Amazon Echo is a smart speaker that the Amazon company launched some time ago on global markets, the product being highly sought after by consumers. Amazon Echo has a very good reputation because it offers a very good user experience, but it seems that it also has a major vulnerability that allows hackers to compromise the units to listen to our conversations.
The Amazon Echo must be physically modified by the hacker to gain access to the microphone remotely, and for now only models released before 2017 are affected. After exploiting an Amazon Echo unit, hackers can listen to absolutely everything that happens around such a device, they can practically spy on all the conversations that people have, without them knowing what is happening.

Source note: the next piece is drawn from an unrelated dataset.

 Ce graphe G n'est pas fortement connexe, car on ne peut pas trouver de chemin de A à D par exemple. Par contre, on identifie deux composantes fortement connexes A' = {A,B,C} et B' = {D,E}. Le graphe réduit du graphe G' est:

Amazon Echo can be exploited through this method to steal security tokens, as they provide access to other data from the smart box. To compromise the security of an Amazon Echo unit, it is necessary to insert an SD card when it starts, it contains software that rewrites the unit's operating system to allow audio recordings to be sent to hackers.

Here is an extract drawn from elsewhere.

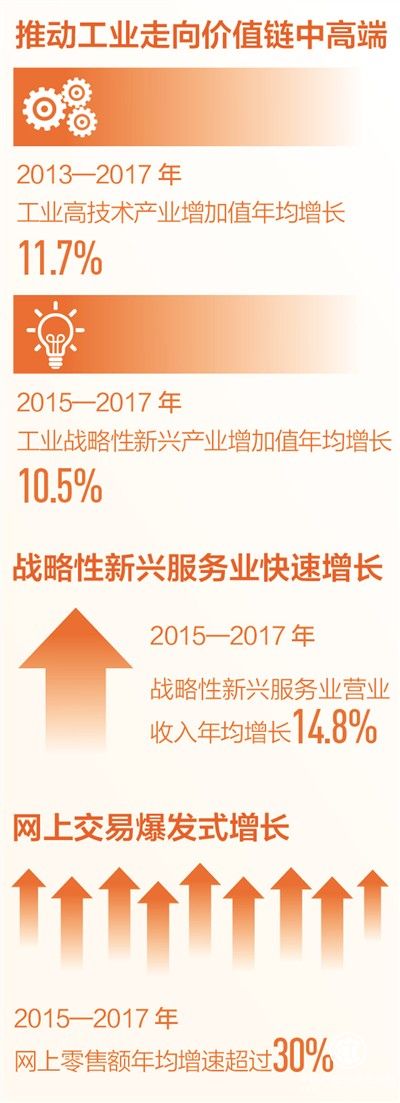 戰(zhàn)略性新興服務(wù)業(yè)快速增長,服務(wù)質(zhì)量和水平不斷提升。2015—2017年,戰(zhàn)略性新興服務(wù)業(yè)營業(yè)收入年均增長14.8%,高于同期規(guī)模以上服務(wù)業(yè)營業(yè)收入年均增速3.5個(gè)百分點(diǎn)。網(wǎng)上交易爆發(fā)式增長,激發(fā)了國內(nèi)市場活力和消費(fèi)需求。2015—2017年,網(wǎng)上零售額年均增速超過30%,高于社會消費(fèi)品零售總額年均增速約20個(gè)百分點(diǎn)。

Amazon Echo – hackers can listen to all conversations
Amazon Echo with a rewritten operating system works just like a normal unit, so the user doesn't actually know what the hacker did with the unit. However, considering that it is necessary to insert an SD card into the Amazon Echo unit and rewrite the operating system, the procedure is neither simple nor very short, so the hacker must have access to the product for several tens of minutes.
Amazon Echo products uni 2015 and 2016 are vulnerable to this type of attack, those from Amazon confirming that the problem exists at the moment. Amazon recommends that customers install all updates for Amazon Echo that are available, but this does not protect them against attacks of this kind, because rewriting the operating system also deletes those updates.

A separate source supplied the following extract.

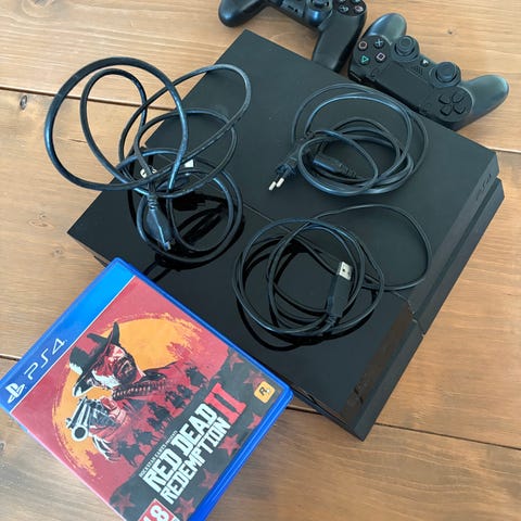 En PlayStation 4 med en controller + God of War og The Witcher 3, begge som Game of The Year Editions.

“[The attack] does require physical access, which is a major limitation. However, product developers should not take it for granted that their customers won't expose their devices to uncontrolled environments such as hotel rooms."
Amazon Echo is an extremely popular smart speaker, and this vulnerability discovered now reveals just how dangerous it is to use these products. Basically, if a smart speaker like Amazon Echo can be hacked and the conversations can be monitored, then the ill-intentioned people can know everything we talk at any time, without any evidence of any hack.